Friday, April 26, 2002

From: Meg Thomsen meginchina@yahoo.com
Subject: The Year of the Horse

Dear Friends and Family,

This week, a tornado has hit Sichuan. Not a real tornado, of course, but a mind tornado. Three volunteers left Peace Corps this week, all for very different reasons. My close friend Rachel is one of the ones who left. My mind feels stretched like silly putty, and eventually it will snap back into place. I'm not sure why this week is so crazy. Ramy's theory is that it's April, the year of the Horse.

When someone leaves Peace Corps, naturally, it puts questions into all of our minds. All of the loneliness, the times of not being able to express oneself properly in Chinese, of being sick from the food, of being so far away from one's family and friends- it can so easily be left behind with a simple phone call. I could sign a few papers, get on that big silver bird and in two days, be at home in Boston. I could get on the red line and go back to live in Somerville, to work at the library, to get a cup of coffee at Diesel on my way to work. There are days when every non-masochistic bone in my body tells to go home. But I'm not going to go home, and here's why.

In my own bizarre way, I've found happiness here. If I left, I'd never see the mynah bird outside the Peace Corps office that screams "Zazhi! Zazhi!" in Sichuan dialect. I'd never get to see if Han Lu will pass the examination that will get her into Chongqing University, and I'd never get to see the students perform their plays in our upcoming Earth Day Drama Festival. When Li Yi, my Chinese teacher, came over to my house recently, she brought sour cherries, and the taste was so raw, so beautiful, that I couldn't concentrate on learning the characters for "bamboo raft" and "ambush". I want to eat those cherries again. I want to ride a boat all the way to Shanghai, and I want to learn more Chinese.

Last week, in preparation for watching "Erin Brockovich" in class, our class had an environmental town meeting. The students settled a toxic torts case. They acted as lawyers, mayors, townspeople, factory workers and doctors. They did something that I had never before seen in Chinese students: they got mad. The lawyers started to yell at each other. The mothers started to yell at the mayor. And slowly, their personal stories of living with environmental degradation came out, "In Panzhihua, the water made all of our skin turned yellow, but we couldn't move.", "In Zigong, my father could swim in the river but now the wastewater makes us sick.", "In Pengzhou, on cloudy days, the sky turns yellow from the SO2." We had an Earth Day Lecture this week, and the students streamed in. They were piled on benches, sitting on each others' laps. There were too many for the classroom, so many were standing outside in the rain with their heads poked inside the classroom. They all wanted to know, "What can we do?" And this, this is what I stay for. For this is the hope of any kind of environmental change happening in China. Individuals noticing.

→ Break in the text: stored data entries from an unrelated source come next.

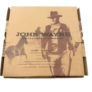John Wayne Cast Iron 10.25 inch pie pan pre seasoned with decorative handles. This durable cast iron pan features even heat distribution for flaky golden crusts and a naturally non-stick surface. Its embossed design with the John Wayne logo adds a touch of Western charm to your kitchen. Perfect for baking pies, quiches, or even savory dishes for family gatherings or a rustic brunch.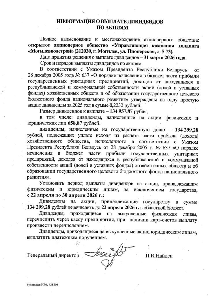 ОАО «Управляющая компания холдинга «Могилевводстрой»
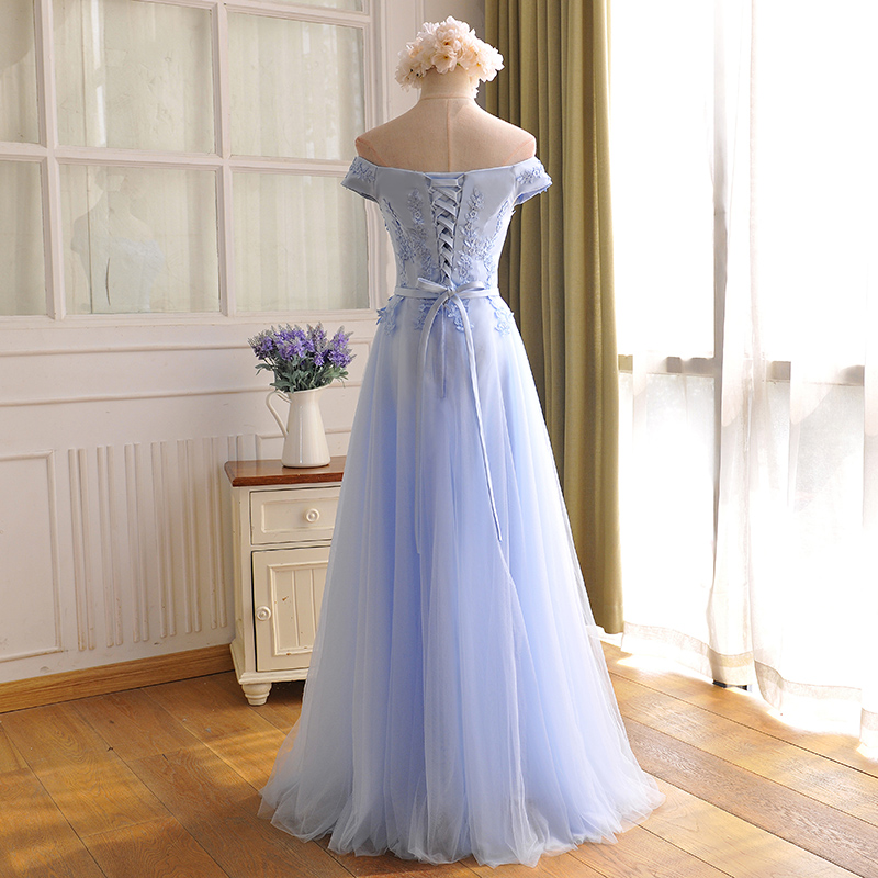 Charming Blue Long Party Dress 2020, Formal Dress with Lace Applique

Individuals wanting to change. Individuals hoping for something different.

He Yumei is a fourteen-year-old girl in Dengguan. Everyone says she's a little bit crazy because she spends her day skipping around the street. She has a two-year-old son, an alcoholic father, and makes a living selling tea-soaked eggs on the street. If she finds a path to happiness, than who am I to fault her for being a little bit crazy?

Perhaps Peace Corps volunteers are almost the same. One spends a lot of time alone as a Peace Corps volunteer. All of us were told, rather laughingly, about a volunteer in Africa that had not called the Peace Corps office in a long time. They visited his site, only to find him industriously making donuts. There were thousands of dusty donuts, piling up all over his hut. Needless to say, he was immediately "whack-evacked". However, all of us have our ways of coping. Some immerse themselves in studying Chinese. Some drink too much. Some lose themselves in the company of others. Some crochet. Some play the guitar. Some participate in all of the above. Personally, I bought a Backstreet Boys CD (the only Western music available in Dengguan) and have been nursing an adolescent crush on Ren Chenxi, a Taiwanese popstar.

And where will the chaos lead? Well, I know that this is April, the Year of the Horse. If this is true, I can toss that BSB CD in the trash next week when Ashley and I head off for the May Day holiday. We're going to Tiger Leaping Gorge, a place where we can hike in sunny contentment for a few days. And I can bask in the knowledge that it all comes around right. It really does.

Whether you are in China, or America, you are always with yourself.